Pegada a la señorial morada estaba una capillita habilitada para el culto, y en ella entró la comitiva.

El cura abrió el sagrario, y tras las preces de ritual hizo la reserva del Santísimo. En esto vi abierto un armónium en el presbiterio; di de mano a la campanilla, dejé las gradas del altar, donde actuaba de acólito, y, sentándome ante el clavicordio, me puse a tocar el Tantum ergo.

No sólo lo toqué, sino que también me atreví a cantarlo. Pero

¡ay de mí! Tal desafinaba porque tantos eran los estragos que en mi garganta causaron el polvo y la sequía de tantos días, que hube de callar y dar los últimos arpegios.

Hecha la reserva, un caballero, que supuse sería el dueño de la mansión, guió al sacerdote a la cámara mortuoria; y allá fueron todos, y yo también, a rezar las preces de los difuntos.

En un catafalco, entre flores desparramadas y cuatro blandones encendidos, estaba el cadáver de una mujer sobre un negro paño. Era la baronesa, porque barón era a la cuenta el viudo y señor del castillejo. La parca había dejado tan pocas huellas en su cara, que la difunta parecía dormida.
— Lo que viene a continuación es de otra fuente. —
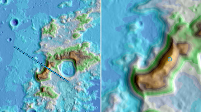 Mons Huygens is located on a ridge in the 550 km long arc-shaped Montes Appeninus (Appenines) range, which is part of the outer ring of the Imbrium basin. Fig 20 right panel shows its highest peak at 3.274 km above lunar datum at [Lat 19.526, Lon 357.096] to be on the rim of a 5 km crater, and it's also within 5 km of two other sub-peaks - one's 200m lower and the other 300m lower than the summit.The transect in Fig 20 left panel originates in the Appenine backslopes - an elevated area of ejecta from the Imbrium explosion. The transect cuts across Mons Huygens' summit, then down the Appenine front to the mare below. The mare is as flat as a pancake in this region of the Appenines, with an elevation almost dead on -2 km. The rubble of the backslopes also depletes the further back you travel from the Appenine front, until you're down to mare level again, as can be seen in Fig 18. No matter which way you go from the summit of Mons Huygens, you have to descend to the mare if you want to climb a higher peak. So per the height profile in Fig 21 along the transect, the base-to-peak height of Mons Huygens is 2.025+3.274 = 5.3 km.Fig 22 is an oblique 3D view of Mons Huygens from the mare. It corresponds to the transected region in Fig 20 left panel. The summit is marked with a blue circle.The Appenine front isn't smoothly continuous like 'conventional' crater rims. It may have been like that originally, but is serrated and irregular now as a result of collapsed blocks and landslides from the peaks.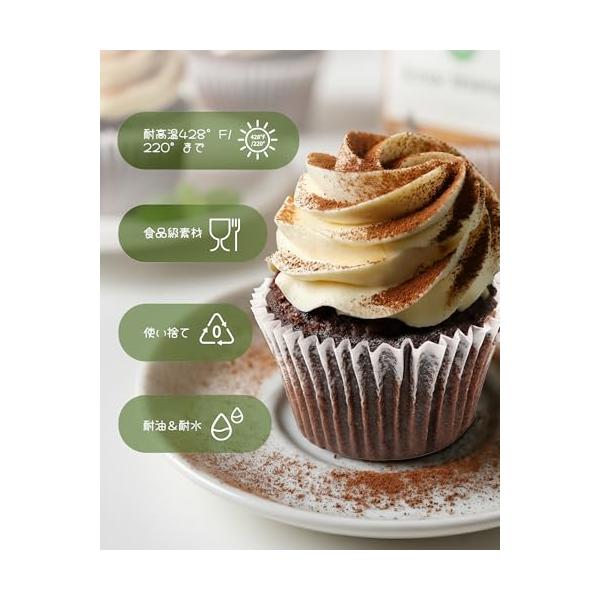 ・防水・耐油・耐高温: Bake Choice のおかずカップは油汚れに強く、フルオロカーボンを添加せずに 220°C/428°F までの温度に耐えることができます。両面にシリコン樹脂コーティングして、耐油、防水などの性能が抜群。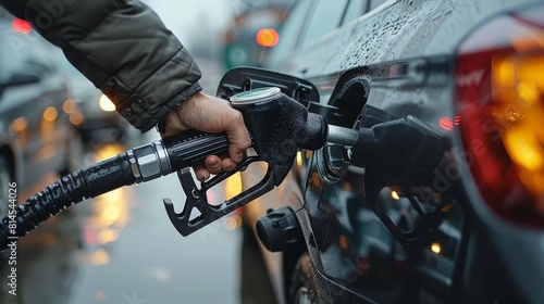 Hand refilling the car with fuel at the refuel station. Generative AI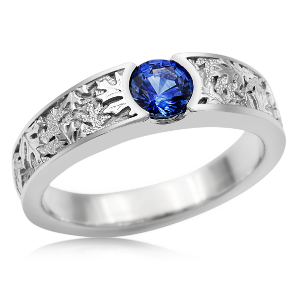 Shown with a one carat round diamond and blue sapphire accent stones in platinum.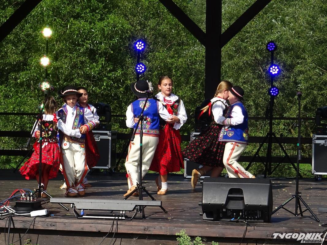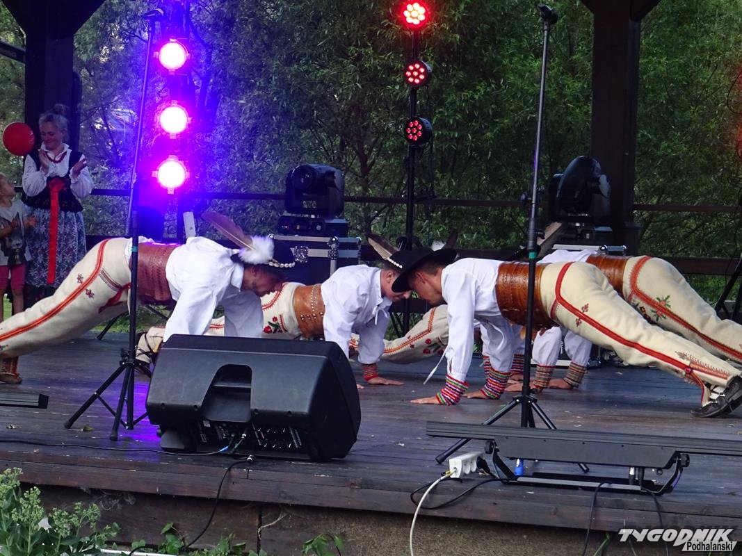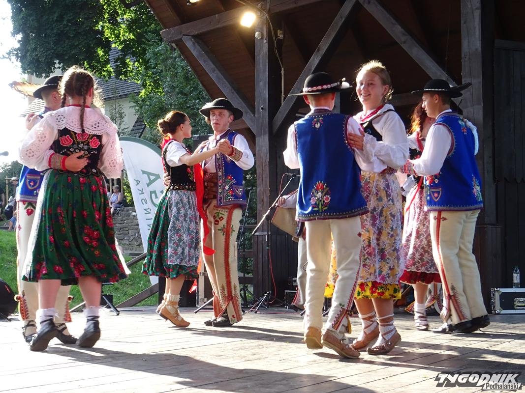 Na scenie zaprezentowali się gospodarze, czyli „Małe Pieniny”, „Pienińskie Nucicki” i „Pienińskie Śpasy”. - Zespół dziecięcy „Małe Pieniny”, występując w oryginalnych krościeńskich strojach ludowych, zachwycił aranżacją - podkreśla Józef Szałwia, dyrektor Centrum Kultury i Promocji. - Występując jako pierwszy, zebrał gromkie brawa. Równie owacyjnie zostały przyjęte i pozostałe pienińskie zespoły, a szczególnie urzekł publiczność taniec zwany „Niedźwiedź”, wymagający sporej sprawności fizycznej.

Representaba unos treinta años de edad, y en el naufragio de la muerte conservaba todavía cierta hermosura de facciones.

Rezó el cura un responso, roció el cadáver con agua bendita, y así como se dice que «el muerto al hoyo y el vivo al bollo», acabadas estas ceremonias, el viudo invitó al celebrante a una pequeña refacción. Quitose el cura la sobrepelliz y aceptó complacido. Aquí terminaba mi coadjutoría; pero el señor barón fue tan bondadoso que, olvidando los gallos del Tantum ergo, me obligó a acompañarles a la mesa.

En tanto yo engullía bravamente lonjas de salchichón, regándolas con repetidas copas de Alicante, clérigo y señor se contaban sus cuitas.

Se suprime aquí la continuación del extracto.